Arrangement
From The ABC Of Plain Words by Sir Ernest Gowers

Putting words in their proper places is all-important in a language which, except in some of its pronouns, does not have different forms for the subjective and objective cases. With those pronouns arrangement is not so vital. Neither "he outlived her" nor "her he outlived" leaves any doubt which outlived the other. But with nouns the meaning depends rigidly on the order. "Husband outlived wife" means one thing and "wife outlived husband" the opposite. Reverse the order of the words and you reverse the meaning.

If all you want to say is a simple thing like that, there is no difficulty. But that is rarely so. You probably want to write a more complicated sentence telling not only the central event but also its how, why, and where. The Americans have a useful word, modifier, by which they mean "words or groups of words that restrict, limit, or make more exact the meaning of other words". The `modifiers' bring the trouble.

The rule is easy enough to state. It is, in the words of an old grammarian, "that the words or members most nearly related should be placed in the sentence as near to each other as possible, so as to make their mutual relation clearly appear ". But it is not so easy to keep. We do not always remember that what is clear to us may be far from clear to our readers. Sometimes it is not clear even to us which "words or members" are "most nearly related", and if there are many `modifiers' we may be confronted with difficulties of the jig-saw type.

Here are some typical examples of faulty arrangement. Their offence is that they obscure the writer's meaning, if only momentarily:

It is doubtful whether this small gas company would wish to accept responsibility for supplying this large area with all its difficulties.

"With all its difficulties" should be put in parenthetic commas after "responsibility".

Sir W. S. has cut short the tour that he has been making for the last month in the middle east because of illness.

"Because of illness" should begin the sentence instead of ending it.

Faulty arrangement of this sort is not unknown even in model regulations issued by government departments to show local authorities how things ought to be done:

No child shall be employed on any weekday when the school is not open for a longer period than four hours.

"For a longer period than four hours" qualifies employed, not open, and should come immediately after employed.

And in departmental regulations themselves:

Every woman by whom . . . a claim for maternity benefit is made shall furnish evidence that she has been, or that it is to be expected that she will be, confined by means of a certificate given in accordance with the rules. . . .

The next example is of a slightly different sort of error :

The operation is carried out in an endeavour to return to its rightful place, 20 acres of soil underlying 18 ins. of dredging from an adjacent dyke.

Here the writer, puzzled where to put "to its rightful place" without creating an ambiguity, has welded it into an impossibly clumsy verb with return ("return-to-its-rightful-place") and has tried to help things out with an impossible comma. The sentence needs recasting, e.g. "The operation is carried out in an endeavour to return 20 acres of soil to its rightful place it is now under 18 inches,..".
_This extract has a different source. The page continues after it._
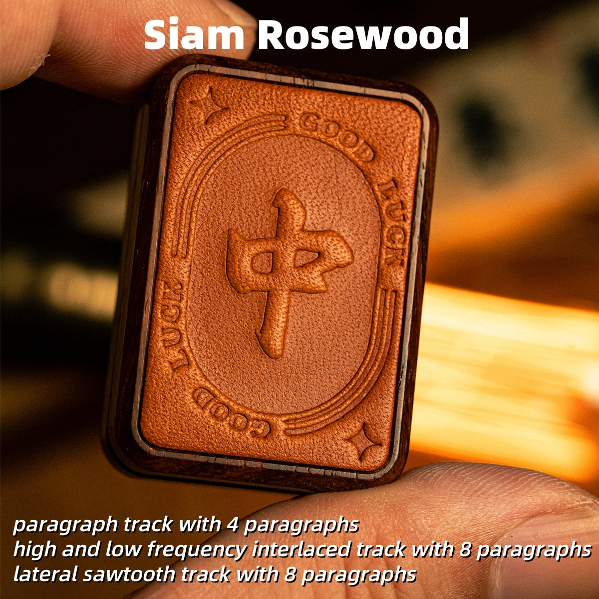 "中", pronounced as Zhong, the Chinese meaning is "Center". This is limited version. The material is Siam Rosewood, which is more expensive. The three types of tracks inside are: paragraph track with 4 paragraphs, high and low frequency interlaced track with 8 paragraphs, and lateral sawtooth track with 8 paragraphs.

On the practice of trying to remedy faulty arrangement by commas, see COMMA.

In the next example the writer has lumbered ponderously along without looking where he was going and arrived at the object (officers) of the verb are employing with a disconcerting bump:

One or two of the largest Local Authorities are at present employing on their staff as certifying officers and as advisers to the Mental Deficiency Act Committees officers having special qualification or experience in mental deficiency.

He would have given himself little more trouble, and would have saved his reader some, if he had turned the sentence round and written:

Officers having special qualification or experience in mental deficiency are at present being employed on the staff of one or two of the largest Local Authorities as certifying officers and as advisers to the Mental Deficiency Act Committees.

Other common errors of arrangement which are likely to give the reader unnecessary trouble, if they do not actually bewilder him, are letting the relative get a long way from its antecedent and the auxiliary a long way from the main verb. Examples:

(Of relative separated from antecedent.)

Arrangements have been made for the clerk of the Executive Committee to forward a supply of special forms, to whom applications for supplies of such forms should normally be made.

This would have been clearer if the writer had said:

The clerk to the Executive Committee has been asked to send you a supply of special forms, and you should ask him for more when you want them.

(Of verb separated from auxiliary.)

The Executive Council should, in the case of approved institutions employing one doctor, get into touch with the committee.

The Council should accordingly, after considering whether they wish to suggest any modifications in the model scheme, consult with the committee. . . .

It is a bad habit to put all sorts of things between the auxiliary and the verb in this way ; it leads to unwieldy sentences and irritated readers.